◆ Task to complete
Reproduce what is written in the records below exactly, and leave out the images.

◆ Records for this task
================================

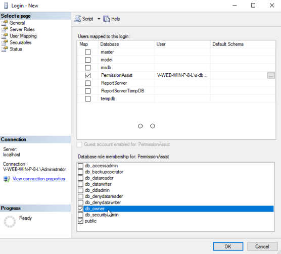 9. In the "Database role membership for: YourPermissionAssistDatabaseName" area, select db_owner and verify that Public is also selected (see picture below).
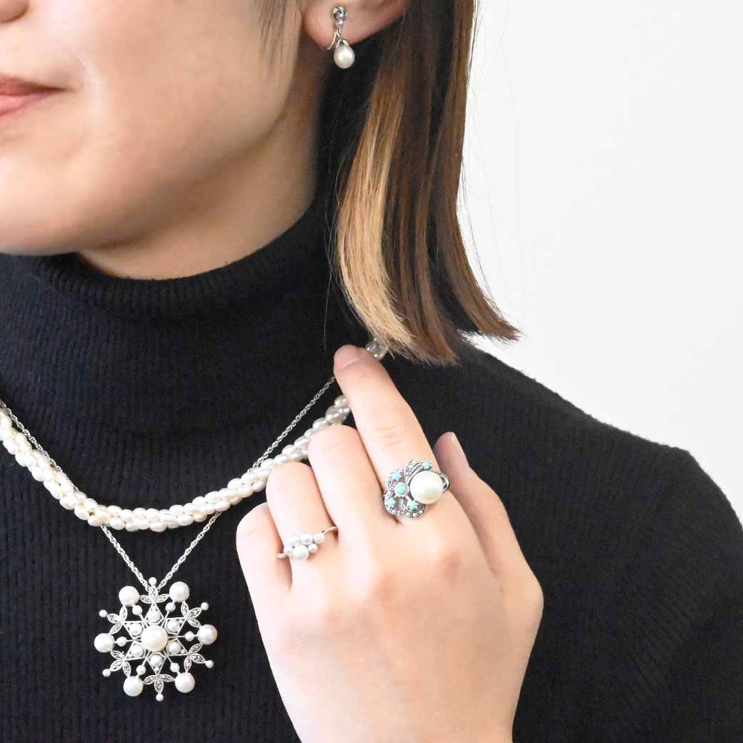 ②〈素材〉シルバー925〈石〉淡水パール、シードパール、〈モチーフサイズ〉最大9mm(15号にて計測)
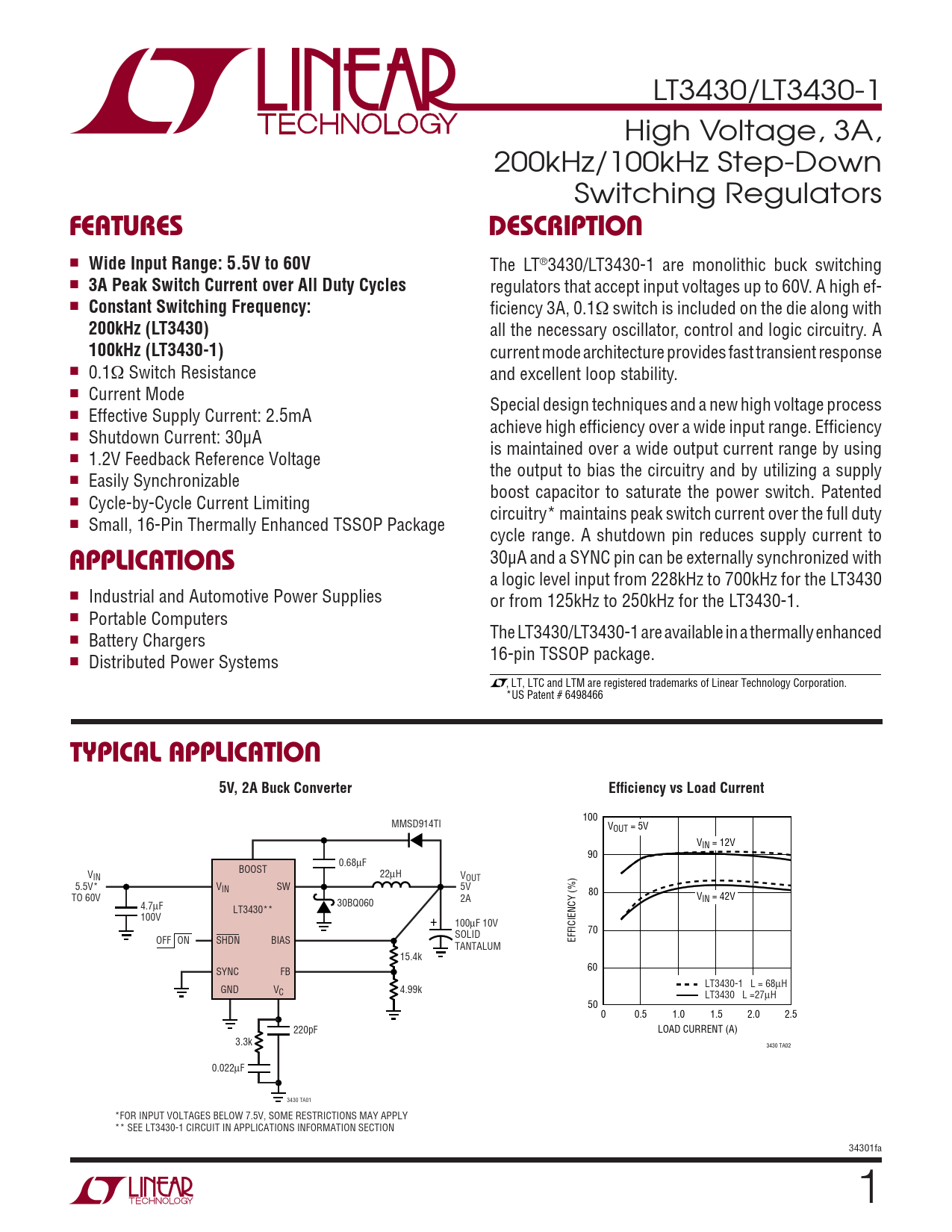 Datasheet LT3430, LT3430-1 (Analog Devices)
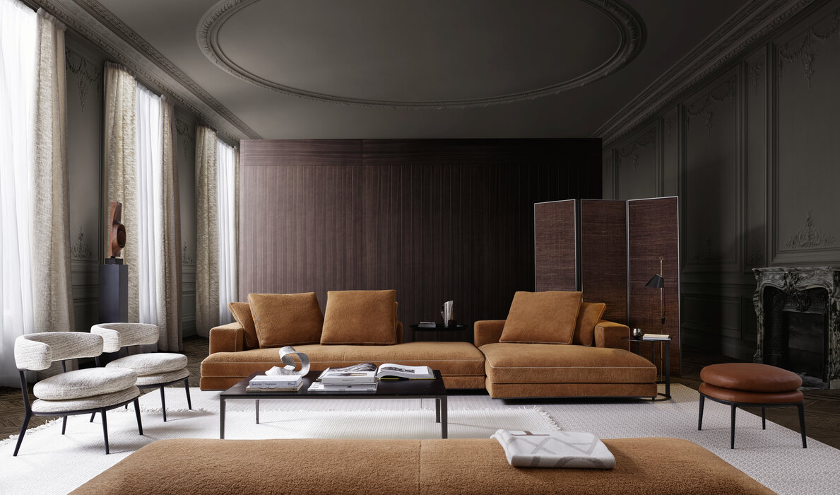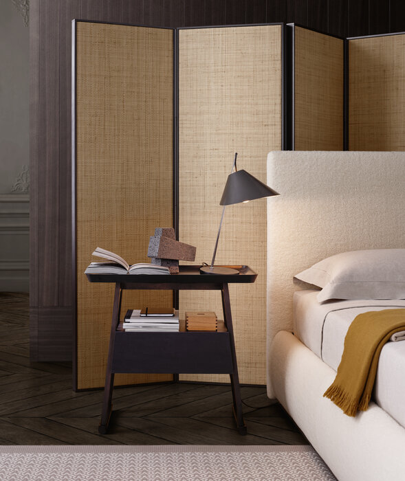 補完的な存在である<Privatus (プリヴァトゥス)>ですが、邸宅の大部屋において、空間を仕切るニーズに応えています。例えばお客様をお迎えする場とダイニングエリアの間や、ベッドのヘッドボードの後ろに置いて、寝室エリアと区分することなどに使用できます。スクリーンはハンドメイドで天然素材のラフィア、裏地にはバナナの葉で構成された生地でできており、支柱に固定されしっかりとした安定感があります。その素材からスクリーンは多少音を吸収し、圧迫感を与えることなく素材感を感じることができます。フレームはブロンズニッケルと塗装アルミニウム製。スクリーンは3枚、4枚、また8枚のタイプがあります。
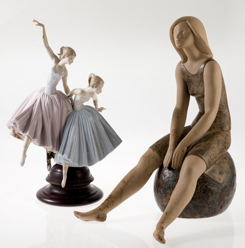 Grupo en porcelana de Lladró representando una pareja de bailarinas.
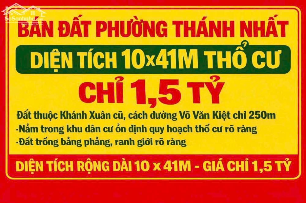 BÁN ĐẤT THỔ CƯ GIÁ TỐT – PHƯỜNG THÁNH NHẤT Diện Tích đẹp: 10 X 41m (~410m²), Thổ Cư 50m2 Thổ Cư 50m² – Pháp Lý Rõ Ràng Giá Bán: 1,5 TỶ
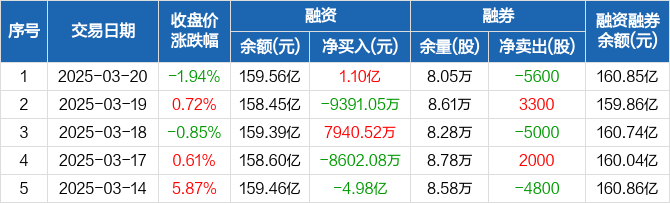 贵州茅台融资融券信息显示,2025年3月20日融资净买入1.1亿元;融资余额159.56亿元,较前一日增加0.7%。
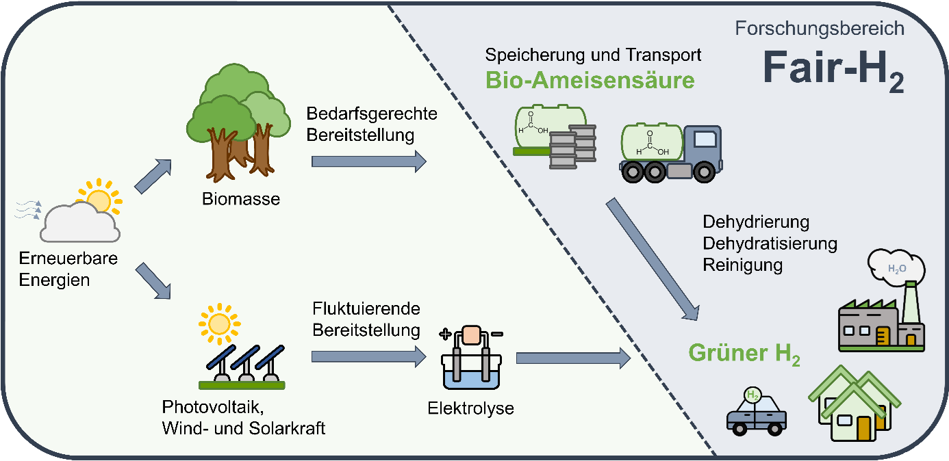 Das BMFTR Projekt Fair-H2 zielt darauf ab, eine neuartige Methode zur Herstellung von grünem Wasserstoff aus Abfallbiomasse zu entwickeln und wissenschaftlich zu evaluieren. Durch eine detaillierte Untersuchung und Optimierung der Prozessschritte wird die maximale Effizienz und Nachhaltigkeit angestrebt. Die experimentellen Ergebnisse aus den jeweiligen Teilbereichen werden durch Prozesssimulationen und Sensitivitätsanalysen ergänzt, um die Auswirkungen auf die Gesamteffizienz des Prozesses abzuschätzen und die Apparate und Wärme-Verschaltungen entsprechend auszulegen.
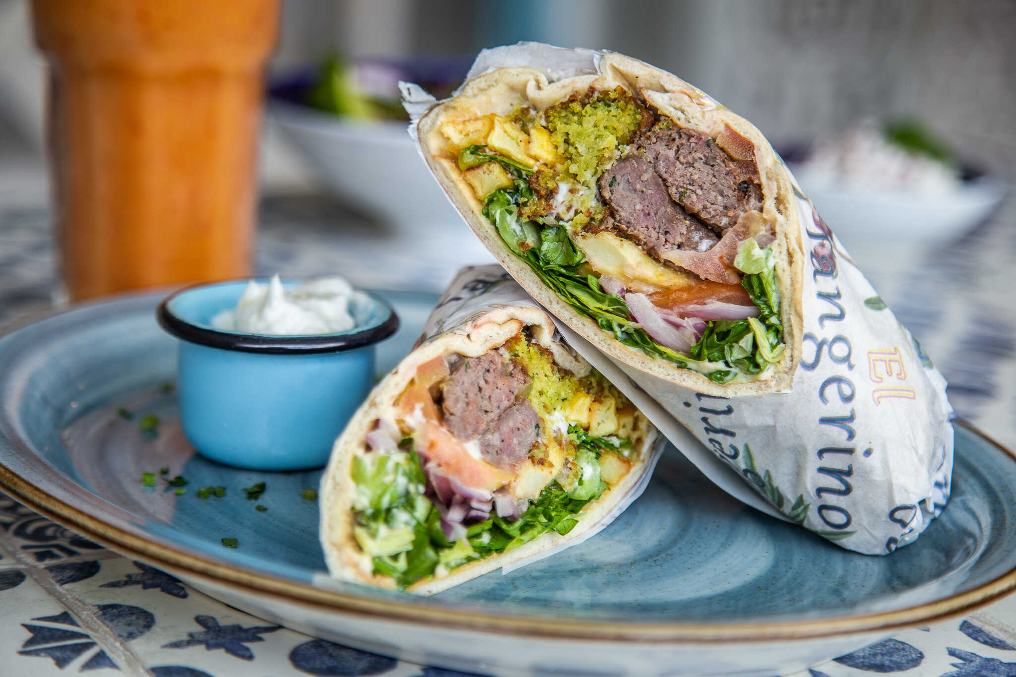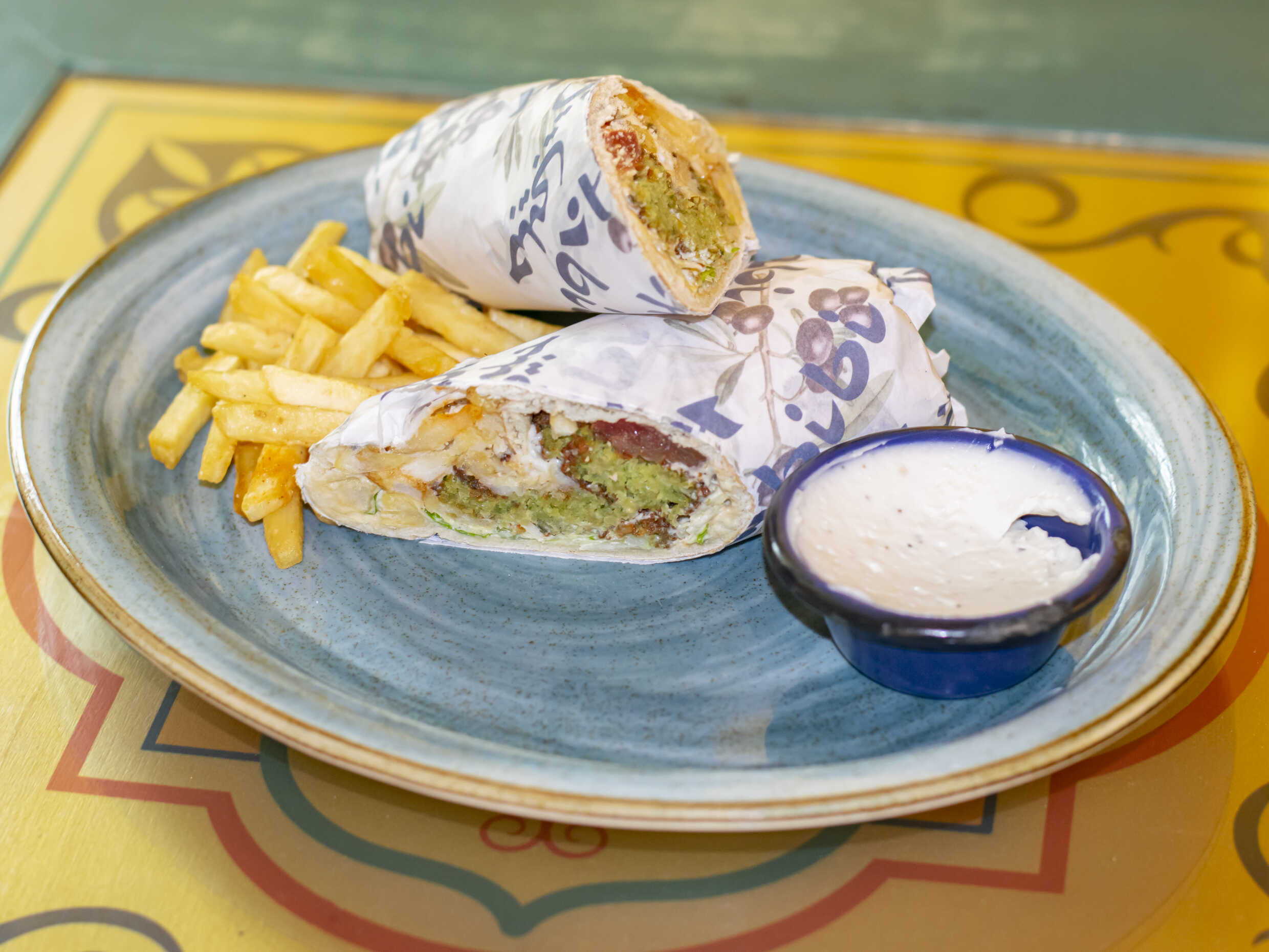 Envuelto en pita con cebolla morada, tomate, perejil, pepinillos, patatas fritas y tahine.

================================

◆ Output of the task
 9. In the "Database role membership for: YourPermissionAssistDatabaseName" area, select db_owner and verify that Public is also selected (see picture below).
 ②〈素材〉シルバー925〈石〉淡水パール、シードパール、〈モチーフサイズ〉最大9mm(15号にて計測)
 Datasheet LT3430, LT3430-1 (Analog Devices)
 補完的な存在である<Privatus (プリヴァトゥス)>ですが、邸宅の大部屋において、空間を仕切るニーズに応えています。例えばお客様をお迎えする場とダイニングエリアの間や、ベッドのヘッドボードの後ろに置いて、寝室エリアと区分することなどに使用できます。スクリーンはハンドメイドで天然素材のラフィア、裏地にはバナナの葉で構成された生地でできており、支柱に固定されしっかりとした安定感があります。その素材からスクリーンは多少音を吸収し、圧迫感を与えることなく素材感を感じることができます。フレームはブロンズニッケルと塗装アルミニウム製。スクリーンは3枚、4枚、また8枚のタイプがあります。
 Grupo en porcelana de Lladró representando una pareja de bailarinas.
 BÁN ĐẤT THỔ CƯ GIÁ TỐT – PHƯỜNG THÁNH NHẤT Diện Tích đẹp: 10 X 41m (~410m²), Thổ Cư 50m2 Thổ Cư 50m² – Pháp Lý Rõ Ràng Giá Bán: 1,5 TỶ
 贵州茅台融资融券信息显示,2025年3月20日融资净买入1.1亿元;融资余额159.56亿元,较前一日增加0.7%。
 Das BMFTR Projekt Fair-H2 zielt darauf ab, eine neuartige Methode zur Herstellung von grünem Wasserstoff aus Abfallbiomasse zu entwickeln und wissenschaftlich zu evaluieren. Durch eine detaillierte Untersuchung und Optimierung der Prozessschritte wird die maximale Effizienz und Nachhaltigkeit angestrebt. Die experimentellen Ergebnisse aus den jeweiligen Teilbereichen werden durch Prozesssimulationen und Sensitivitätsanalysen ergänzt, um die Auswirkungen auf die Gesamteffizienz des Prozesses abzuschätzen und die Apparate und Wärme-Verschaltungen entsprechend auszulegen.
 Envuelto en pita con cebolla morada, tomate, perejil, pepinillos, patatas fritas y tahine.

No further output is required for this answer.